Monday 25 January 2010

Small cell tumors of bone comprise of a diverse group of primary and metastatic neoplasms in both children and adults.

The most common small cell tumors of bone include Ewing sarcoma/primitive neuroectodermal tumor, small cell osteosarcoma, multiple myeloma, lymphoma, leukemia, neuroblastoma, rhabdomyosarcoma, and Langerhans cell histiocytosis.

Although each entity has its distinctive features, the differential diagnosis of this group of tumors is still challenging because they are all "small, blue, and round cell tumors", histologically.
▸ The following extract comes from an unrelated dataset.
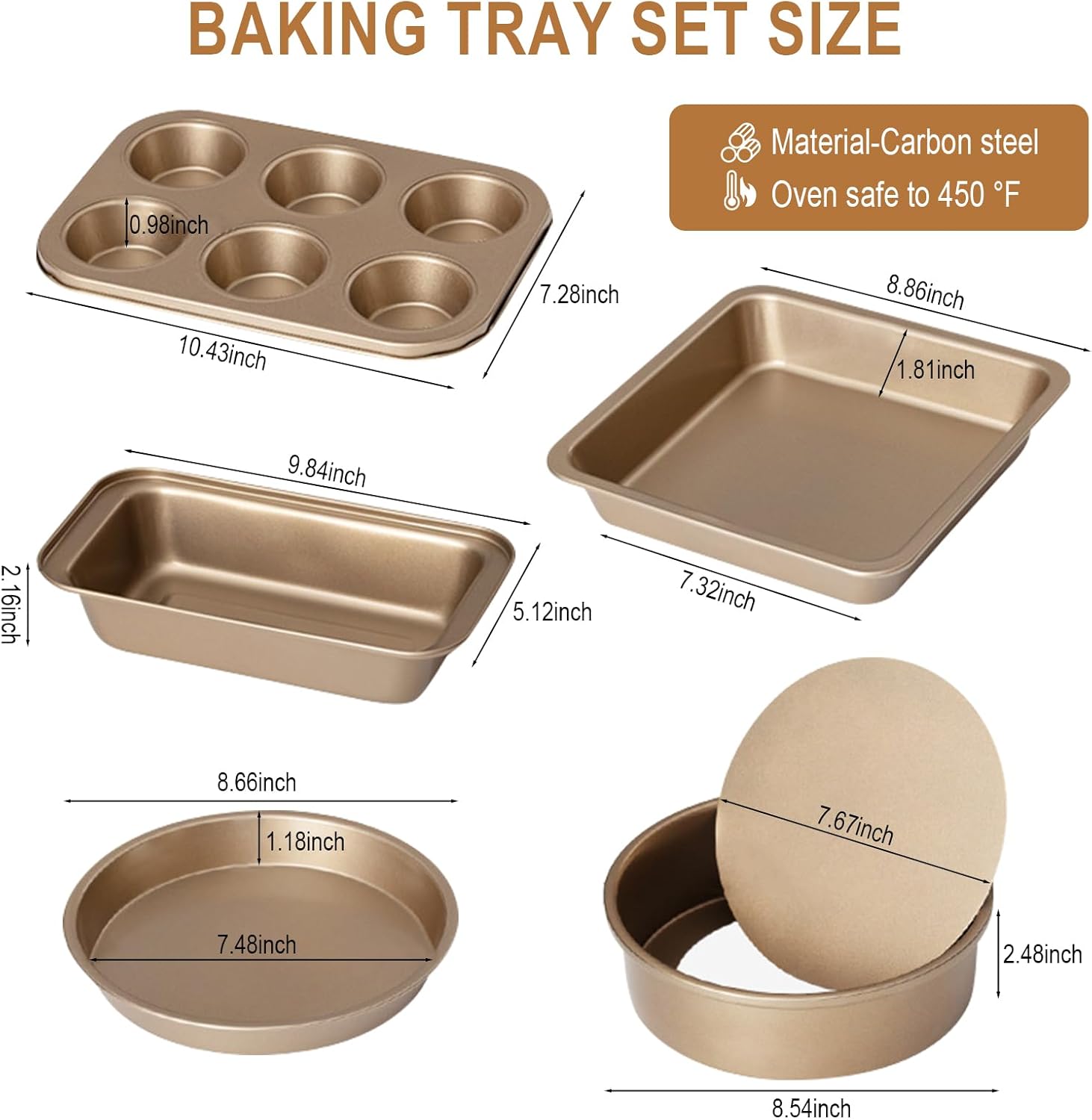 Material: The premium baking pans set is made of carbon steel material, strong and resists warping, and uniform heat, oven safe to 450 °F.

The correct diagnosis of small cell tumors of bone depends on an evaluation of clinical, radiologic, pathologic, and genetic features.
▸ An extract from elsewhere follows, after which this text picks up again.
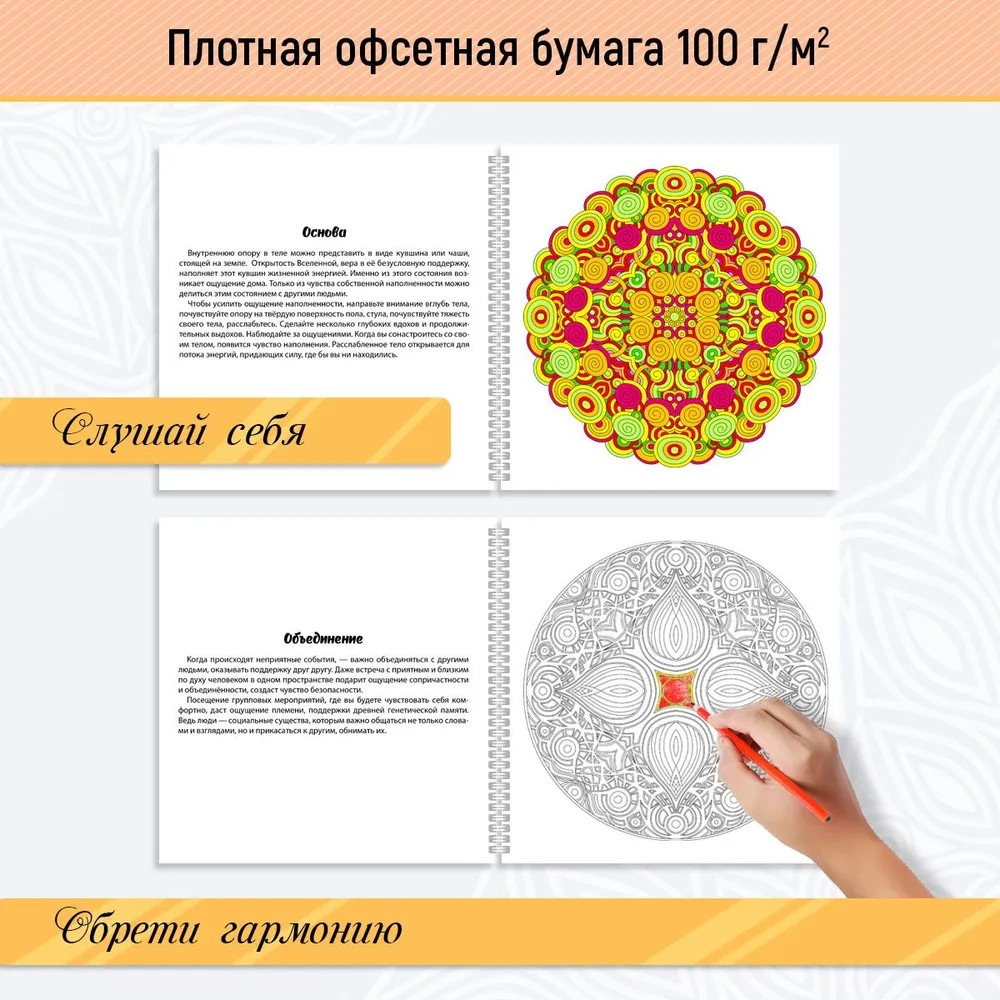 Мандалы против выгорания. Раскраска-антистресс+45 красивые иллюстрации на пружине плотные листы под фломастеры залипательные узоры

Patients’ age and sex are very important, as are the signs and symptoms at presentation.

Radiologically, which bone is involved, the specific portion of the bone (epiphysis, metaphysis, or diaphysis; cortex vs. medulla) involved, and the radiographic manifestations (lytic, blastic, or mixed lytic and blastic) are also often critical parameters for the diagnosis.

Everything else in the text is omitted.